‘Trapping’ the Roots of a Polynomial: An Interval Guaranteed to Contain All Real Roots

(This lesson is optional in the Precalculus course.)

It's often helpful to have an interval that is guaranteed to hold all the real roots of a polynomial.

This section states and proves such a theorem. It's a beautiful proof, which uses some important properties of the real numbers that have not yet appeared in this course.

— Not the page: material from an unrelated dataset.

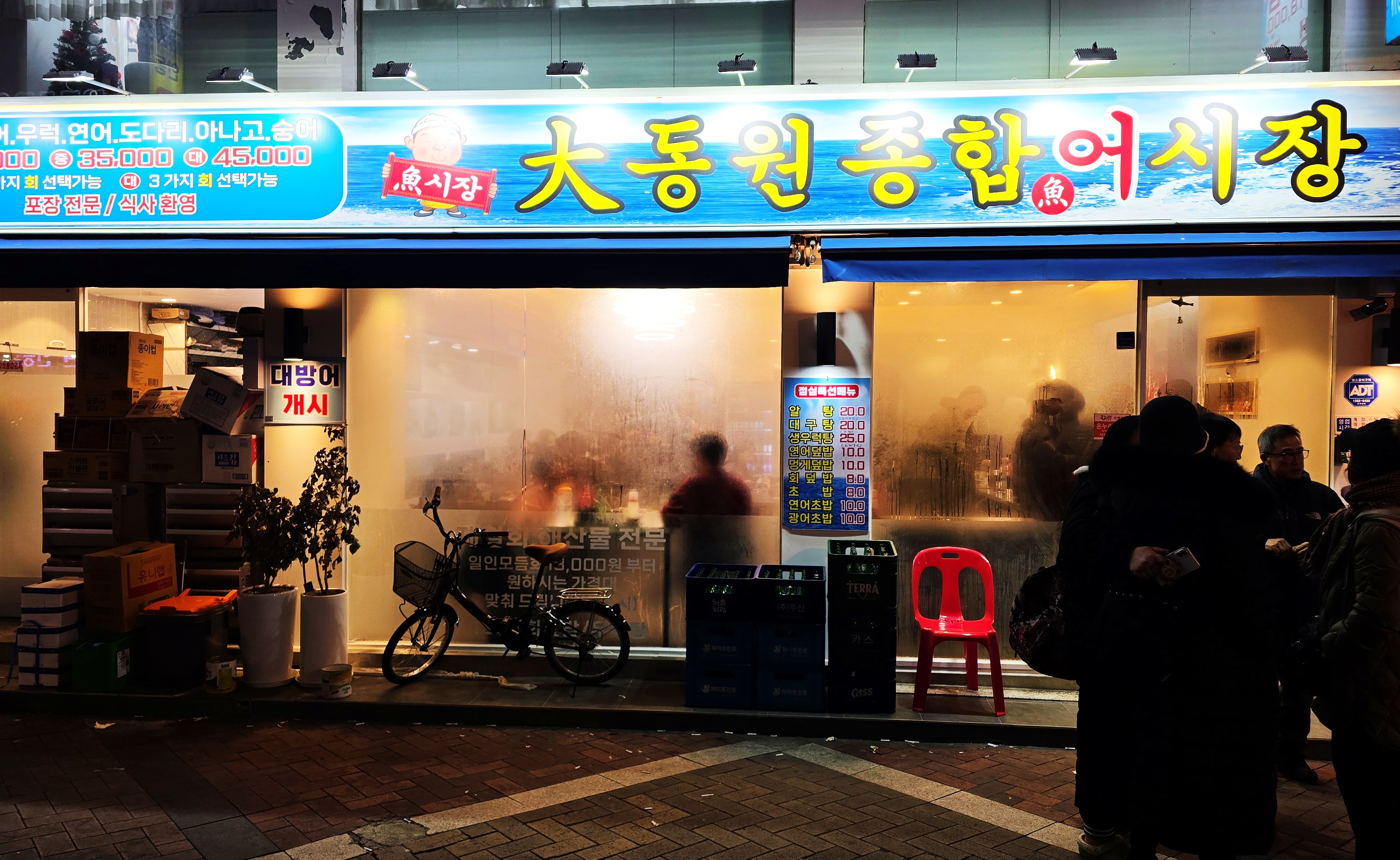 출구에서 도보 1~2분 거리의 대동원종합어시장. 늦은 시간까지

In particular, if you're using a calculator to graph a polynomial, then you probably want to set your window so you're guaranteed to see all the $x$-intercepts. This section is for you!

Here's the outline for this section:

Theorem:   Bounding the Real Roots of a Polynomial
an interval guaranteed to contain all real roots

Let $\,P\,$ be a polynomial of degree $\,n\ge 1\,$ with real coefficients. That is, $$\cssId{s17}{P(x) = a_nx^n + a_{n-1}x^{n-1} + \cdots + a_1x + a_0}$$ where $\,a_n\ne 0\,$ and all the $\,a_i\,$ are real numbers.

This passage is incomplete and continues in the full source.